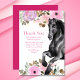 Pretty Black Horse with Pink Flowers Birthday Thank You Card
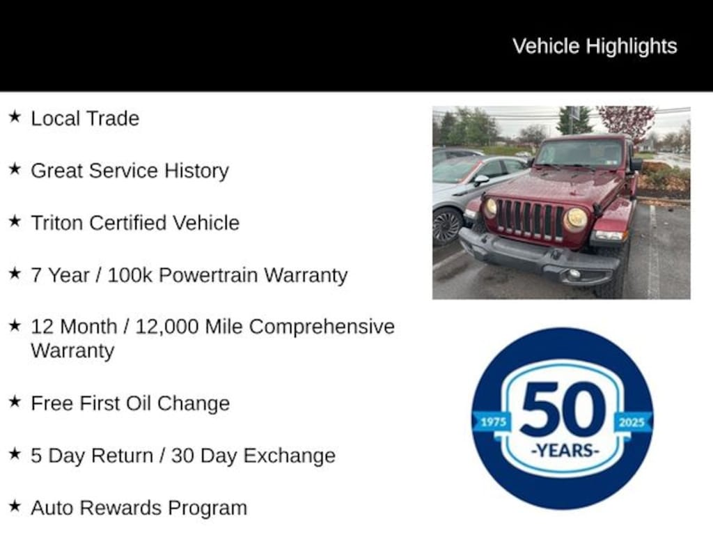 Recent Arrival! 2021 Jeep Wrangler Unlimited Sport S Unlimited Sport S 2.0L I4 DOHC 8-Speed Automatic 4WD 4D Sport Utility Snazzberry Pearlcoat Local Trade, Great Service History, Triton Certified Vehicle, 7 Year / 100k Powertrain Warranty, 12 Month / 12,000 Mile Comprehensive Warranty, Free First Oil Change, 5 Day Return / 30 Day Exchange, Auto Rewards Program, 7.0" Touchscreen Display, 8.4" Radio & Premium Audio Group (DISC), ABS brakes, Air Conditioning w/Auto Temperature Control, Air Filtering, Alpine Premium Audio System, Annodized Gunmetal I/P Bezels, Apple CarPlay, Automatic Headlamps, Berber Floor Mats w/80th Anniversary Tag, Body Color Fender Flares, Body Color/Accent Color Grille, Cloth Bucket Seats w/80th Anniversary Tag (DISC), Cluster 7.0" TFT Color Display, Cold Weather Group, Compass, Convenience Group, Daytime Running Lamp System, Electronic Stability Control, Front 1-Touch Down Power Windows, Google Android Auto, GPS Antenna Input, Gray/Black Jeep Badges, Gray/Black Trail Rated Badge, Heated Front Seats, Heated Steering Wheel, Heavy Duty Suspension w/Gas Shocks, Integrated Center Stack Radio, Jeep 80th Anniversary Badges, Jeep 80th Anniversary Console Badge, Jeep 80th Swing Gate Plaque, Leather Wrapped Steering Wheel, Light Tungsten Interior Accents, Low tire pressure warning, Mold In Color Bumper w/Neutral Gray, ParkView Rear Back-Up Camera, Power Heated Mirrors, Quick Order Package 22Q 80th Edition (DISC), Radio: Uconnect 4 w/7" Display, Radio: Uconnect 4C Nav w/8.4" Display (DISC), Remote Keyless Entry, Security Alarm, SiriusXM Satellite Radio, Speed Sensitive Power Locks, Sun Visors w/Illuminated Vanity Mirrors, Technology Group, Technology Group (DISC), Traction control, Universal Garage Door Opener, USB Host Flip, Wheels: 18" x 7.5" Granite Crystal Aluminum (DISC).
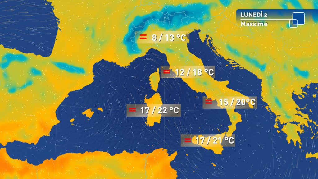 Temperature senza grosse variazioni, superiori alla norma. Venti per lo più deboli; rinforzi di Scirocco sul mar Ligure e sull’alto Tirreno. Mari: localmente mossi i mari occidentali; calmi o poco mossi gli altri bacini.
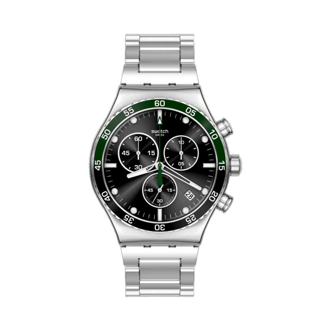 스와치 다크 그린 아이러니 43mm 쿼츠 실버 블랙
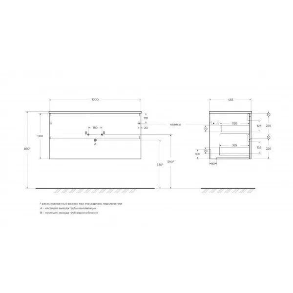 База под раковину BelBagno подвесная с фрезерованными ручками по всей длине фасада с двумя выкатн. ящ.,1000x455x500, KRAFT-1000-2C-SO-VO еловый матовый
--------------------
# Task brief
Please return only the lines from the one holding "스와치 다크 그린 아이러니 43mm 쿼츠 실버 블랙" through the end of the data, both ends included; do not copy any pictures.

# Solution
 스와치 다크 그린 아이러니 43mm 쿼츠 실버 블랙
 База под раковину BelBagno подвесная с фрезерованными ручками по всей длине фасада с двумя выкатн. ящ.,1000x455x500, KRAFT-1000-2C-SO-VO еловый матовый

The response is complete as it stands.